The first part of the report offers a detailed review of the operation and characteristics of
SRMs. The advantages and disadvantages of this type of motor are cited.
The second part of the report provides an example application of a four-quadrant, variable
speed SRM drive system using a shaft position sensor. The example has complete hardware
and software details for developing an SRM drive system using the TMS320F240. The SRM
operation is described, along with the theoretical basis for designing the various control
algorithms. The example can be used as a baseline design which can be easily modified to
accommodate a specific application.
This report contains material previously released in the Texas Instruments application report
Developing an SRM Drive System Using the TMS320F240 (literature number SPRA420),
and has been updated for inclusion in the Application Design Kit (ADK) for switched
reluctance motors.
Introduction
Electric machines can be broadly classified into two categories on the basis of how they produce
torque - electromagnetically or by variable reluctance.

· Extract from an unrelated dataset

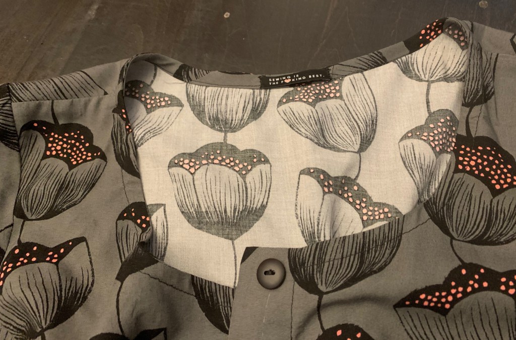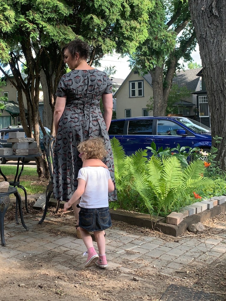 I went with the most plain and boring of black plastic buttons, again from stash. I think they are a good pairing with the print, letting it hold the spotlight. And, I am pretty sure they came from a giant mixed bag of buttons bought when I was first stocking up on sewing supplies in 2010 or so. So nice to use a bit of deep stash, even if they are not particularly interesting. I did kind of accidentally place my buttons holes horizontally (my default) rather than vertically as the pattern called for. To be honest I think I just prefer sewing them that way, and I’m more used to it so my rusty sewing brain defaulted to it. There are also a LOT of buttons, because I like them fairly closely spaced, for maximum support against gaping especially when I’m doing something silly like adding back lacing to a dress that’s already well fitting. I made sure there was a button placed at the full bust point, at the waist, and then filled in in between. I will say, for a tool I always thought was a luxury, I ALWAYS use my button-hole spacer and it makes this process so quick and simple.

In the first category, motion is produced by the interaction of two magnetic fields, one generated
by the stator and the other by the rotor. Two magnetic fields, mutually coupled, produce an
electromagnetic torque tending to bring the fields into alignment. The same phenomenon causes
opposite poles of bar magnets to attract and like poles to repel. The vast majority of motors in
commercial use today operate on this principle. These motors, which include DC and induction
motors, are differentiated based on their geometries and how the magnetic fields are generated.

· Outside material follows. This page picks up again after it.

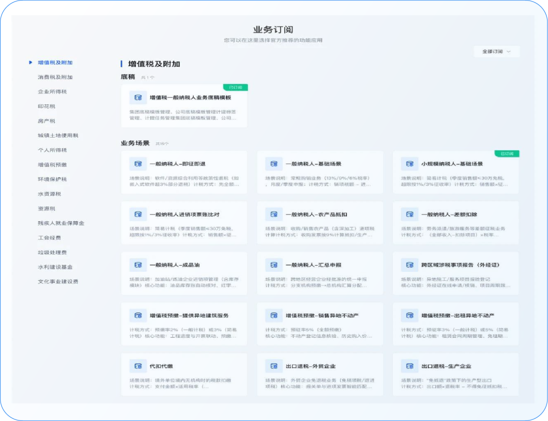 ◇自适配业务场景库:深度嵌入预制化、跨行业、全税种的标准业务资源,通过一业一模型,快速适配多元化业务场景与政策差异,支持集团型企业按需灵活订阅,实现税务管理“即开即用”。
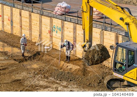 油圧ショベル 高低差 掘削 親杭横矢板工法

Some of the familiar ways of generating these fields are through energized windings, with
permanent magnets, and through induced electrical currents.
Motor Characteristics
The basic operating principle of the SRM is quite simple; as current is passed through one of the
stator windings, torque is generated by the tendency of the rotor to align with the excited stator
pole. The direction of torque generated is a function of the rotor position with respect to the
energized phase, and is independent of the direction of current flow through the phase winding.
Continuous torque can be produced by intelligently synchronizing each phase’s excitation with
the rotor position.
By varying the number of phases, the number of stator poles, and the number of rotor poles,
many different SRM geometries can be realized. A few examples are shown in Figure 1.
Power Electronics Hardware
The amount of current flowing through the SRM windings is regulated by switching on or off
power devices, such as MOSFETs or IGBTs, which connect each SRM phase to a DC bus. The
power inverter topology is an important issue in SRM control because it largely dictates how the
motor can be controlled.
There are numerous options available, and invariably the decision will come down to trading off
the cost of the driver components against having enough control capability (independent control
of phases, current feedback, etc.) built into the driver. A popular configuration, and the one used
in this application report, uses 2 switches and 2 diodes per phase. This topology is depicted in
Figure 11.